The LA Times ran an interesting piece a couple of days ago about Why supermarket tomatoes tend to taste bland. It turns out, according to new scientific research, that the hybridization carried out by tomato breeders over the last several decades has inadvertently introduced a mutation that interferes with sugar production within tomatoes — and hence made standard grocery-store tomatoes less tasty.
It’s important to note that this was the result of good old-fashioned hybridization, the kind of cross-breeding of plants that humans have been doing for thousands of years, the kind that has given us pretty much all of the fruits and vegetables that our species has lived on for generations.
But the LA Times mentions that the technologies of laboratory genetic engineering could be used to reverse, in a precise way, this clumsy error. In fact, scientists have done so in the lab, but such reverse-engineered tomatoes are unlikely to make it to grocery store shelves.
But what if — however unlikely, given regulatory hurdles and problems of public acceptance — tomatoes genetically engineered in a way that reversed this error made it onto grocery store shelves? What if we could buy tomatoes genetically engineered to include a gene their tasty ancestors originally had? In a sense, the result would be, far from something “unnatural,” a more authentic tomato than the ones currently available.

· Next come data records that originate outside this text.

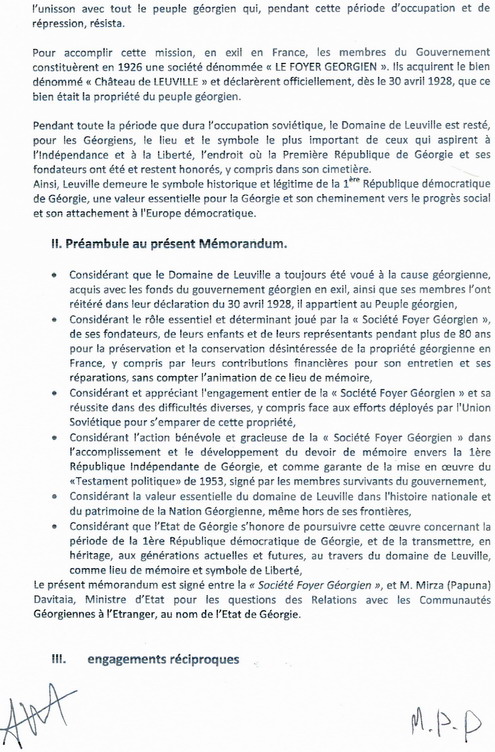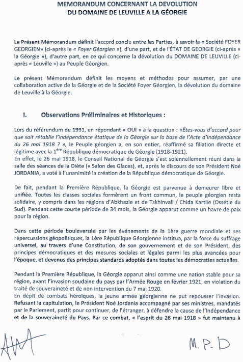 domaine de Leuville sera définitivement cédé à la Géorgie. Quelle en est
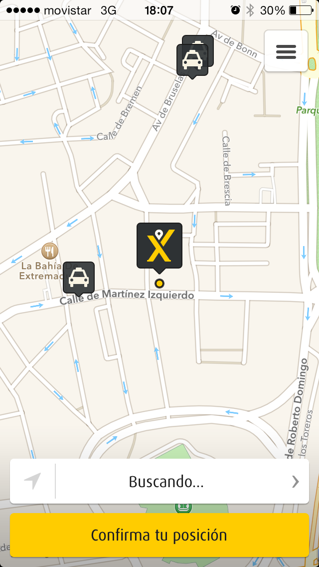 La prueba la he realizado en Madrid, solicitando un taxi alrededor de las 18:00 del día de hoy mediante un iPhone 5s. El proceso de solicitud es muy sencillo ya que la aplicación te ubica automáticamente en el mapa y, si la posición identificada no es la correcta, puedes corregirla manualmente.
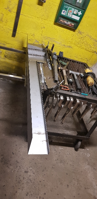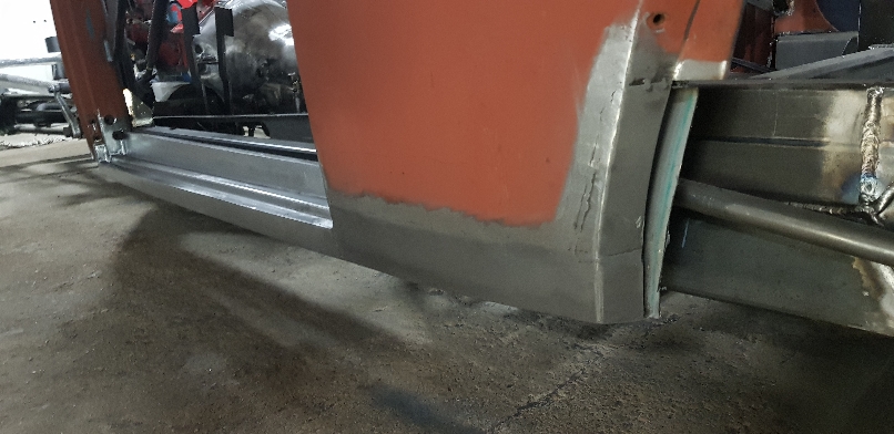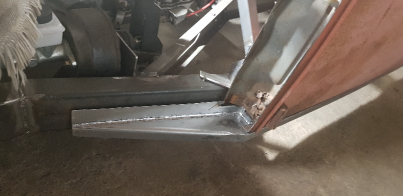 Vidare görs en L- kil som kommer och va undersidan av förlängningen av karossen mot torpeden, den får också en överdel som gör hela lådan kapslad framåt. Gör även ett lock på andra sidan för att få allt så tätt de går. Är en jäkla upp och ner med allt för att få till alla höjder, linjer passningar mot stolparna och radier, men tillslut blir jag nöjd och allt helsvetsas och slipas.  ICQ/ay
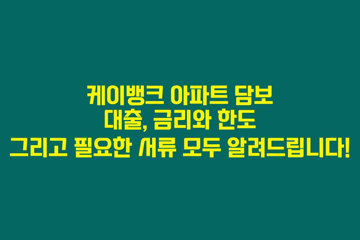 제가 직접 경험해본 결과로는, 케이뱅크의 아파트 담보 대출은 주택 금융을 고려하는 분들에게 상당히 유용한 옵션인 것 같아요. 특히 금리와 한도, 필요한 서류 면에서 다양한 정보가 많기 때문에, 대출을 계획하고 계신 분들은 아래를 읽어보시면 많은 도움이 되실 겁니다.
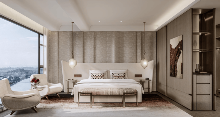 二层主卧同样大面积采光窗设计,搭配双一字衣帽收纳与奢华卫浴空间,营造极致的尊崇体验与私密享受。
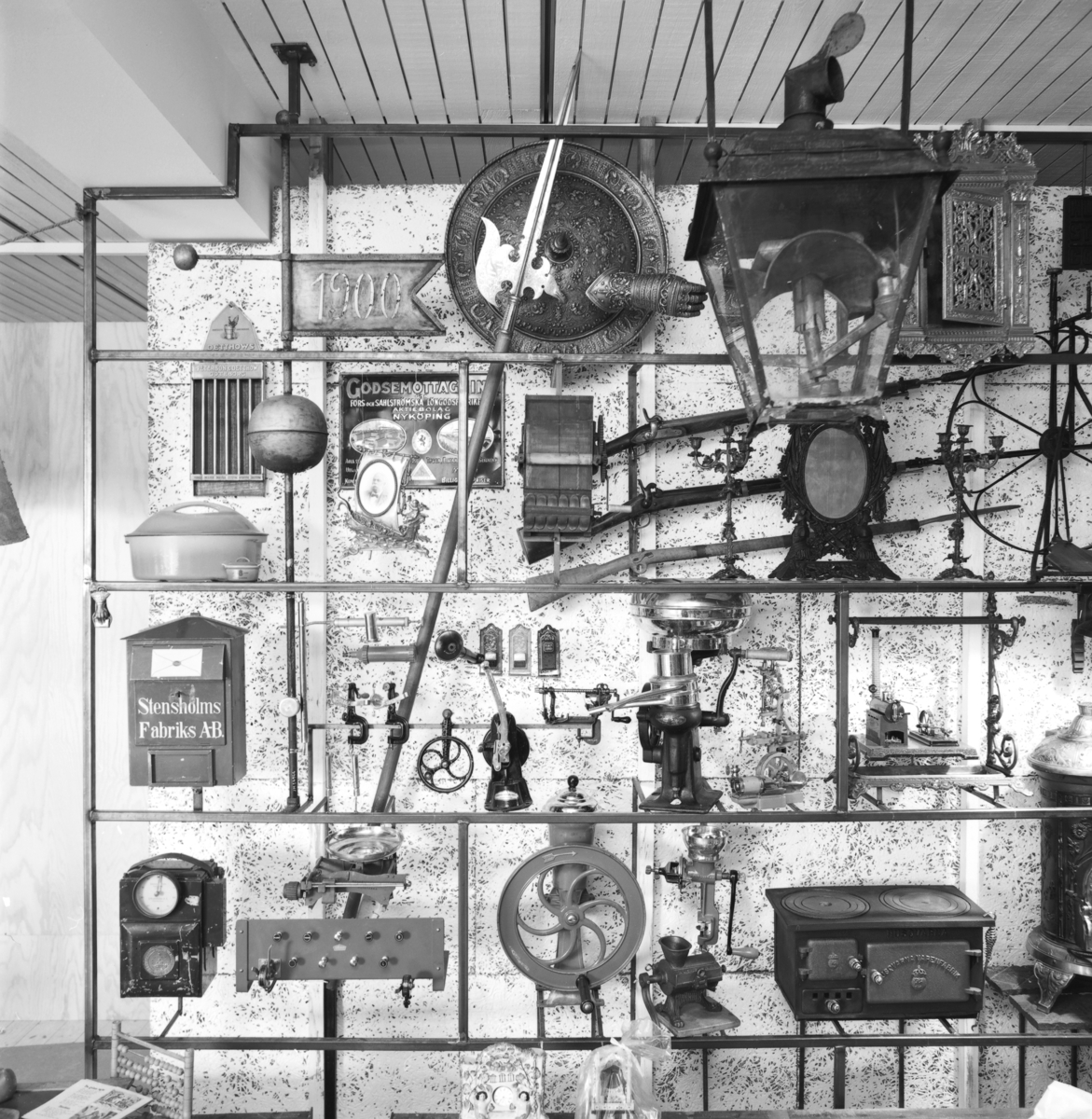 Utställning Tiotusen år. Utställningsdelen Järnväggen. Föremål på väggen längst ner till vänster stämpelur från linnefabriken i Jönköping, vindflöjel daterad år 1900, stekgryta av emaljerat järn tillverkad av Husqvarna AB, Gevär, Gatulykta för rovolja har använts i jönköping på 1800-talets första hälft. sköld, brevlåda Stenholms fabriks AB.
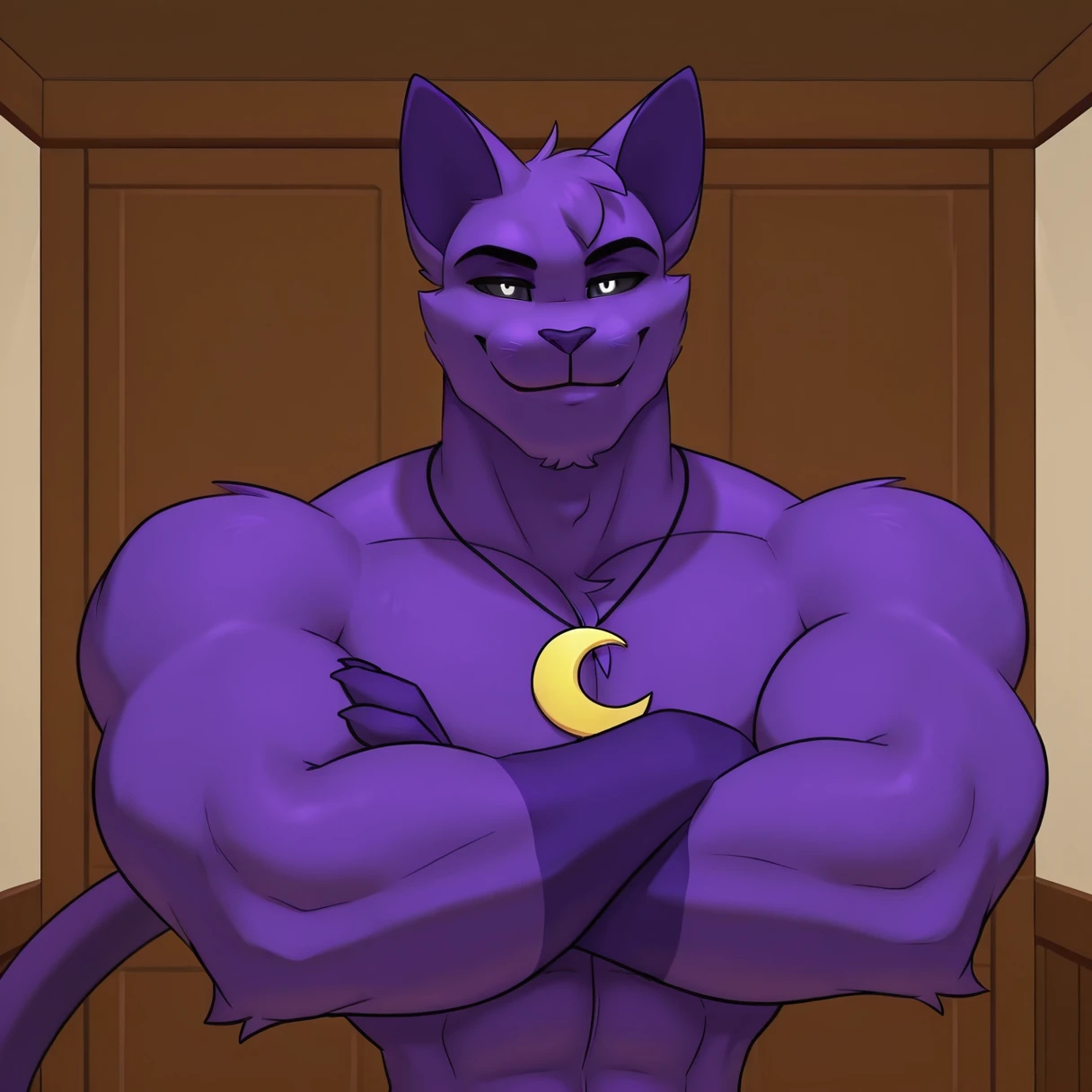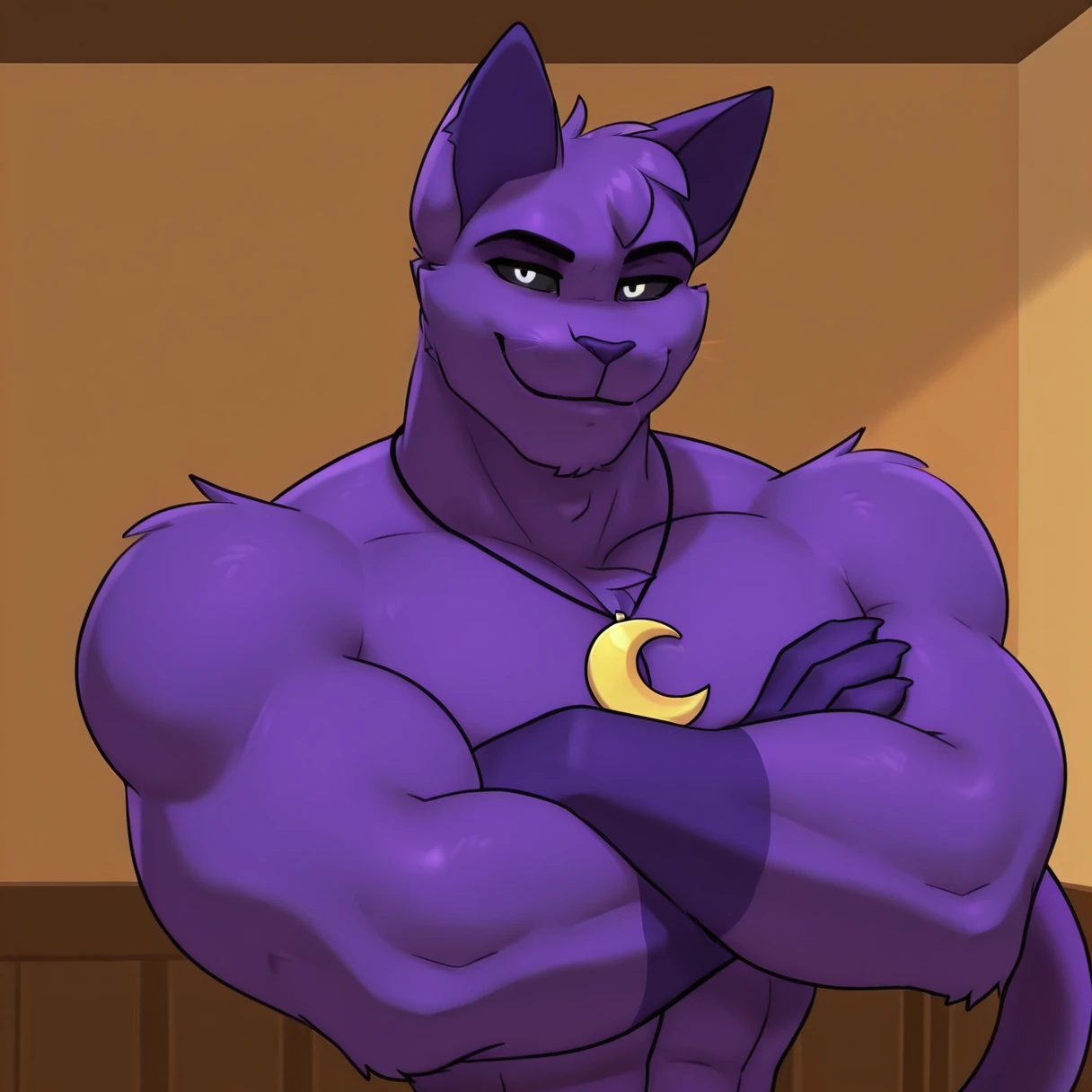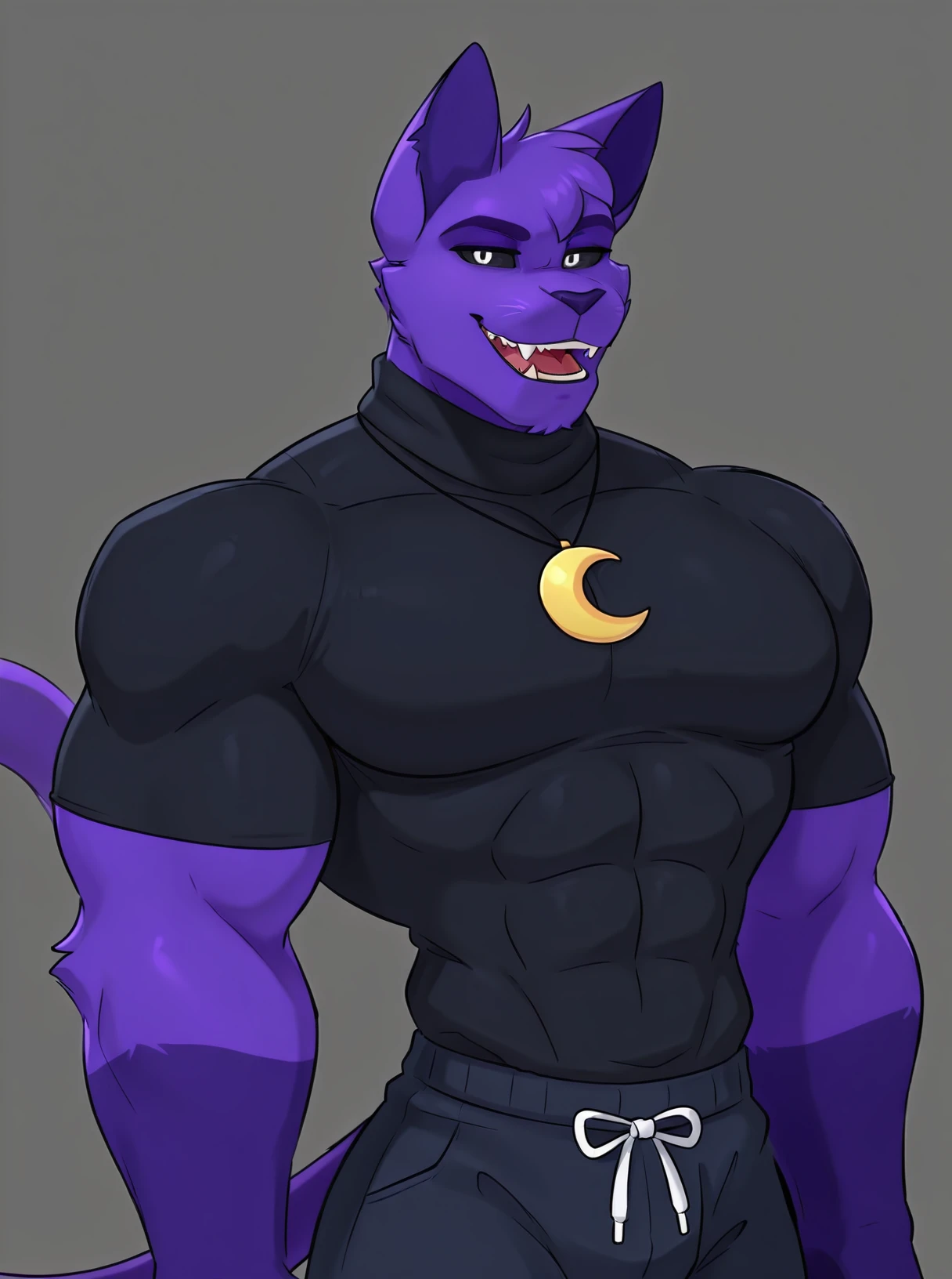 furry, anthro, cat, purple body, purple fur, black sclera, white eyes, long tail, yellow crescent necklace
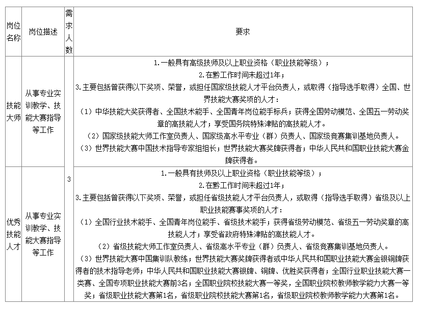 為建設(shè)一支數(shù)量充足、結(jié)構(gòu)合理、理念先進(jìn)、視野開闊、能力卓越的高素質(zhì)、高技能師資隊(duì)伍,特面向社會(huì)公開招聘高層次人才和高技能人才?,F(xiàn)將有關(guān)事項(xiàng)公告如下:

The concept of authenticity is a vexed one. For some it has to do with “naturalness.” For some it has to do with pedigree, with where a thing came from. In his terrific 2010 book, The Authenticity Hoax, Andrew Potter suggests that in at least some instances, people regard authenticity as having something to do with being true to some vision of what a thing ought to be. From this point of view, genetically engineering the tomato to reactivate the GLK2 gene would result in a more authentic tomato, one truer to what tomatoes used to be, truer to the tomatoes your great-grandmother used to enjoy as a child.
(A while back I interviewed Andrew Potter, about his book, The Authenticity Hoax).